Night Crawler

But soon Aidan McManus, an intimidating West London Chelsea supporter with a surprisingly benevolent temperament, gets right to the heart of the matter, reading a chapter from John King's Football Factory that plainly describes the violence galvanizing English soccer matches: "Coventry are fuck all. They've got a shit team and shit support. You'd think they'd smell blood and hear the knives being sharpened. Not this lot. We had them boxed in and gave them a hiding, working fast because someone would've called the old bill. Harris was there and opened up some cunt's face with his hunting knife. Said later he should've signed his name, so if the bloke managed to get his end away, his kids would know the old man had been to London. That he wasn't just a goat fucker."

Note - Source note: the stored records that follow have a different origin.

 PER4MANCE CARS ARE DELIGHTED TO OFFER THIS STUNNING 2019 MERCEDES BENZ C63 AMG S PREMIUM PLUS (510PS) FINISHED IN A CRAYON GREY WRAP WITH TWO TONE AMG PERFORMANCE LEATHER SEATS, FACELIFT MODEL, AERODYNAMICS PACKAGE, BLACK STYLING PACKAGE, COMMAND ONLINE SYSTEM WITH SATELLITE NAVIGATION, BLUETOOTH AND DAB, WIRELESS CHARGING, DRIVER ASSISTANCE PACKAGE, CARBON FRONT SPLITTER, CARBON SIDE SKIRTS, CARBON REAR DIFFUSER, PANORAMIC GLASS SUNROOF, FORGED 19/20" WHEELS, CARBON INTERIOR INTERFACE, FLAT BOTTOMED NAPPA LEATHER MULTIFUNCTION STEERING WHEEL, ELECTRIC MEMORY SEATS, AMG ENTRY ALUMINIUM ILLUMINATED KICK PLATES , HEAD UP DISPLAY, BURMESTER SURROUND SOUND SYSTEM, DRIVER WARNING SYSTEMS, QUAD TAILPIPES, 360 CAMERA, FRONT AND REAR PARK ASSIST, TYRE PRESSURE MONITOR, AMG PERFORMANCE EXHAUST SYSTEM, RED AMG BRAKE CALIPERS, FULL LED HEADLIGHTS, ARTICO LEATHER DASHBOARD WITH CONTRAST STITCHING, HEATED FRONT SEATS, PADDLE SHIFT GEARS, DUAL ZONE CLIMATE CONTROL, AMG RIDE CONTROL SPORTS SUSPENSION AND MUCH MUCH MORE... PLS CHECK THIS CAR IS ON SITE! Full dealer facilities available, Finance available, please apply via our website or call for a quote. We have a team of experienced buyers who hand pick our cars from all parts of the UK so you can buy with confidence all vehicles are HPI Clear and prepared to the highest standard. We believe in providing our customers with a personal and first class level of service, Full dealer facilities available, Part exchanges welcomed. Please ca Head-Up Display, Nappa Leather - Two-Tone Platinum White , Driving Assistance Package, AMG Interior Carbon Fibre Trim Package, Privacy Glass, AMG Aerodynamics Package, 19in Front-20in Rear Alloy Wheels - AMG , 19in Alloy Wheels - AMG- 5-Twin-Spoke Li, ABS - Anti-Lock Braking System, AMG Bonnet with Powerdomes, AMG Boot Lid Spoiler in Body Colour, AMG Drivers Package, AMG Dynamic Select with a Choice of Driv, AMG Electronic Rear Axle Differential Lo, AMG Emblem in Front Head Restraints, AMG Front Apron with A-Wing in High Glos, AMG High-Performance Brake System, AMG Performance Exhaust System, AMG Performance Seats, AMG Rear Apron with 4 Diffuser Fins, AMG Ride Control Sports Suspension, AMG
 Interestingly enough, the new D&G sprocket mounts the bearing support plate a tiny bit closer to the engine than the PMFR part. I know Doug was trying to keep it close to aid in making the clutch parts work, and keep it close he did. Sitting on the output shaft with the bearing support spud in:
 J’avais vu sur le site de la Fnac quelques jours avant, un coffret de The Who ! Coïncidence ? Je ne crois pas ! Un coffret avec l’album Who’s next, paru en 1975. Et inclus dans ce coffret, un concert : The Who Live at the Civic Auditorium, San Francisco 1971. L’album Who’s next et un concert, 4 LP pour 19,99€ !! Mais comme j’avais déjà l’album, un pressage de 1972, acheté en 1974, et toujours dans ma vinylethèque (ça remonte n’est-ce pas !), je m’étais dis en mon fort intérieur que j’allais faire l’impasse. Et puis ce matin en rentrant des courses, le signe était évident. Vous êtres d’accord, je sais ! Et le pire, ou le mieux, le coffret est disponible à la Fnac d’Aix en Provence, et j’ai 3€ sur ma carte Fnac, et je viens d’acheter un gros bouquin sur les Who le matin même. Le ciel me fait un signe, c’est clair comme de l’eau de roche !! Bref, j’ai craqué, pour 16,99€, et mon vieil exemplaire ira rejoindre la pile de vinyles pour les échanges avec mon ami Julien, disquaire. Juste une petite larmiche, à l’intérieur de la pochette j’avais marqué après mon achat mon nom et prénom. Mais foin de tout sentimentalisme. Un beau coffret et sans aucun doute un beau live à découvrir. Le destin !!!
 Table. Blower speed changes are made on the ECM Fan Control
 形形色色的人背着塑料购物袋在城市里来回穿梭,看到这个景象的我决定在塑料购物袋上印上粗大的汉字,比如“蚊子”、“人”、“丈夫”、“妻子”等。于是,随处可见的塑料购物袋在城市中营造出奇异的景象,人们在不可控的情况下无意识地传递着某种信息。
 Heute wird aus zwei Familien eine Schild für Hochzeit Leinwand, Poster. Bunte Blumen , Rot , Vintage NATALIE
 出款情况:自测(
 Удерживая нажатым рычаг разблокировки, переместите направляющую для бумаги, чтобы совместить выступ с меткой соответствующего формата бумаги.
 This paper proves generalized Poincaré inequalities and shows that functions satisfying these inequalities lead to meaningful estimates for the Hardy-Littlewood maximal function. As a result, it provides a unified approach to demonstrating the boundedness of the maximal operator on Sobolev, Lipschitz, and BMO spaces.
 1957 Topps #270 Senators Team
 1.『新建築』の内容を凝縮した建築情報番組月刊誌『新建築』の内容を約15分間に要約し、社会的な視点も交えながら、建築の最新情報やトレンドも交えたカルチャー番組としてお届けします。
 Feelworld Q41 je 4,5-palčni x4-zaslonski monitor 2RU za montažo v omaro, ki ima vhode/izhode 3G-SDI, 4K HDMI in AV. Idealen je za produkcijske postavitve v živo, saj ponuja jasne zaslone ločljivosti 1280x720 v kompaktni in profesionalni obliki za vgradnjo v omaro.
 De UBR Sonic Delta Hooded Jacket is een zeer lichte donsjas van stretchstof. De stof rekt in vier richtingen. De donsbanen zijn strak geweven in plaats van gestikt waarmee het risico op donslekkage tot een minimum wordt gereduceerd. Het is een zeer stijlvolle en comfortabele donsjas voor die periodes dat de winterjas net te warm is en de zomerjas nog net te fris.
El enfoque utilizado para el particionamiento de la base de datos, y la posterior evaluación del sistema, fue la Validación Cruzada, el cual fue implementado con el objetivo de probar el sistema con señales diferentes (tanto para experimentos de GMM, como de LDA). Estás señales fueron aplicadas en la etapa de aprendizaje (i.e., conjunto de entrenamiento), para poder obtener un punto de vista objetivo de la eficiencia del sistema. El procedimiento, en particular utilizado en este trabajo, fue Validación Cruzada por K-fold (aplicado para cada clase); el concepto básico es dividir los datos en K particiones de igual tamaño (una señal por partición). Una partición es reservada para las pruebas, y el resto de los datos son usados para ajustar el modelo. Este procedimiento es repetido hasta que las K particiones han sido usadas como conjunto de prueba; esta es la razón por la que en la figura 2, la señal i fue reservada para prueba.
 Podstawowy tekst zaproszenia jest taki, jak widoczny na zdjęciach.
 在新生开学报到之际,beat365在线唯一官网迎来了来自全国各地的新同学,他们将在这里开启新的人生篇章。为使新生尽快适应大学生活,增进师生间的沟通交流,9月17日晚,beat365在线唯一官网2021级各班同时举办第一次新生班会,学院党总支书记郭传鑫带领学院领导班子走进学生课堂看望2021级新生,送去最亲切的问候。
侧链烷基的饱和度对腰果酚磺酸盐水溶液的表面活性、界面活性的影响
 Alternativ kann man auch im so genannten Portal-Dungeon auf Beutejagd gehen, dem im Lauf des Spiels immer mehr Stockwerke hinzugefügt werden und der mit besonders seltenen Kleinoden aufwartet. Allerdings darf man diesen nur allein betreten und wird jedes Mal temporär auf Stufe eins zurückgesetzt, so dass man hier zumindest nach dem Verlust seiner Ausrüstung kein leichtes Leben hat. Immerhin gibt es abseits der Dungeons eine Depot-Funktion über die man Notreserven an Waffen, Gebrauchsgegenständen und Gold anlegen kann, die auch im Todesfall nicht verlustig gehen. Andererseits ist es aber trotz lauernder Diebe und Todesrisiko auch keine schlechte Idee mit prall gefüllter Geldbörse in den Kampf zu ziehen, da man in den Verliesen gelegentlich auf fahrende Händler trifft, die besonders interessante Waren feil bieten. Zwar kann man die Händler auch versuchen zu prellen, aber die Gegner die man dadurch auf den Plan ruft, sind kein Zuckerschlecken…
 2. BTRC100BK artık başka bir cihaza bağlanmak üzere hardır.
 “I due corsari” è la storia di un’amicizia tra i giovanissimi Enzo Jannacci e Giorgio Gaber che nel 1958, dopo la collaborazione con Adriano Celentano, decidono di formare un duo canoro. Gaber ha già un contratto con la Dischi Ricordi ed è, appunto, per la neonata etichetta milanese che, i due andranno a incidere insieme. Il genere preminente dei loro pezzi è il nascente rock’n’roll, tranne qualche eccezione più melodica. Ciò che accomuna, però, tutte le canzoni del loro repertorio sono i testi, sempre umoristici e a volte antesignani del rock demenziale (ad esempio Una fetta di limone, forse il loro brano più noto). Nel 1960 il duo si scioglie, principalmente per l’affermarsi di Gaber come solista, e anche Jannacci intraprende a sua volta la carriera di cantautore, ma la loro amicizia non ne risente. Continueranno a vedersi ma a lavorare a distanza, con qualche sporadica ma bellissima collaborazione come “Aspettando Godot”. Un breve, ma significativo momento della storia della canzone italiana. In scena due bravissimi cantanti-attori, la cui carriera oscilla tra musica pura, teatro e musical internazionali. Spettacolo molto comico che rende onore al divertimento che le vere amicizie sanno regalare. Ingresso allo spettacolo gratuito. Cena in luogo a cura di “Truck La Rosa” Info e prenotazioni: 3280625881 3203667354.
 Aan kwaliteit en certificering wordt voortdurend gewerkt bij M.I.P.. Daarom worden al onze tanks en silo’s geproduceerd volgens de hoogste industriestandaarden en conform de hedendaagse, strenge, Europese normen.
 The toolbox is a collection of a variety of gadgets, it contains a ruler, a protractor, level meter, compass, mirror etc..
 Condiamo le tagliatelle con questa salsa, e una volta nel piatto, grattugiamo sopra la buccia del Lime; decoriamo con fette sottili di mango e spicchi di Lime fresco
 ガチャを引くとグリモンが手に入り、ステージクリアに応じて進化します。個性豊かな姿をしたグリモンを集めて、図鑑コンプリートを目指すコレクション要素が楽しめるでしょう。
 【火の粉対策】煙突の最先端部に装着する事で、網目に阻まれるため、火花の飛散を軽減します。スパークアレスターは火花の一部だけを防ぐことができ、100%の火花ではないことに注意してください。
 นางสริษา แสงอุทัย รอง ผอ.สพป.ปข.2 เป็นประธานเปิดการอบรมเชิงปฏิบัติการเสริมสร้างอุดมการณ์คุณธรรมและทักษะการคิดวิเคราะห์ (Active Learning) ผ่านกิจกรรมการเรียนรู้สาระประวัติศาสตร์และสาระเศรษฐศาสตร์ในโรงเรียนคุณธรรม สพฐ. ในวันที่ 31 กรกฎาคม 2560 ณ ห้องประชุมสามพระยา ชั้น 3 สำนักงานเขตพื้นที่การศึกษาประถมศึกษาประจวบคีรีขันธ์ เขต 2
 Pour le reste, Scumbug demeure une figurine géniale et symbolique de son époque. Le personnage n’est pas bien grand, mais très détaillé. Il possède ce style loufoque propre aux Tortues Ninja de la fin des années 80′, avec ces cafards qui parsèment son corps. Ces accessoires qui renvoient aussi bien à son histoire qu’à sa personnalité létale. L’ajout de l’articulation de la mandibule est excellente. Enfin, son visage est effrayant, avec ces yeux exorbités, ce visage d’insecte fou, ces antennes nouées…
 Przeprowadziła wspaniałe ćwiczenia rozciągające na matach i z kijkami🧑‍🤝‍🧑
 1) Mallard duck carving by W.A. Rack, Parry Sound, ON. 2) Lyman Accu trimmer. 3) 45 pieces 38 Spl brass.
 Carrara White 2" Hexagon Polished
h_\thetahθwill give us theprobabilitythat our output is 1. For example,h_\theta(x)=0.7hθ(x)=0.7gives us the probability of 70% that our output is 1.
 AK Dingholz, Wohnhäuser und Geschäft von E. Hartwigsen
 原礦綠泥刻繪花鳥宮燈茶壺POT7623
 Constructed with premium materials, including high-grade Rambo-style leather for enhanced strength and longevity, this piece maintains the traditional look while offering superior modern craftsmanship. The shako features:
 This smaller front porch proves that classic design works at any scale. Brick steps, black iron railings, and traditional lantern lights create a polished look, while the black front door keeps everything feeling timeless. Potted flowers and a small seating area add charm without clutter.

Somehow, American Po Bronson -- author of, um, The First $20 Million Is Always the Hardest -- loses the spirit of the evening with a rambling narrative about callow whiskey, Nike, and his noble attempt to cripple Brazil soccer star Ronaldo, which he reads while wearing a pair of soccer cleats draped around his neck.

But this can't temper the joy that is Scottish soccer songs.
Alan Black and "Italian tenor" Claudio Aronica (actually, a Castle employee in a wig and a tux) lead the crowd through aural highlights in Scottish sporting history: The love life of a Glasgow Ranger is forever ruined by the sprightly ditty called "Durrant Is a Poofter," sung with affection by Celtic fans. A Glasgow Celtic player, Frank McGarvey, learns of his wife's whereabouts from "McGarvey's Wife's a Whore." Ranger Bobby McKean commits suicide by gassing himself with car exhaust, and Celtic fans spread the word with, "Where's your Bobby gone? Left his engine on." Scottish soccer fans outside of Glasgow are happy to remind Glaswegians that they are "Sheep Shaggin' Bastards!" But Rangers and Celtics fans are quick to illuminate their true nature with, "We're crazy. We're mental. We're aff oor fuckin' heids," or everyone's favorite, "You're going home in a fucking ambulance."

With support like that, it's a wonder the Scots aren't world champions.
Most names have been changed to protect the employed.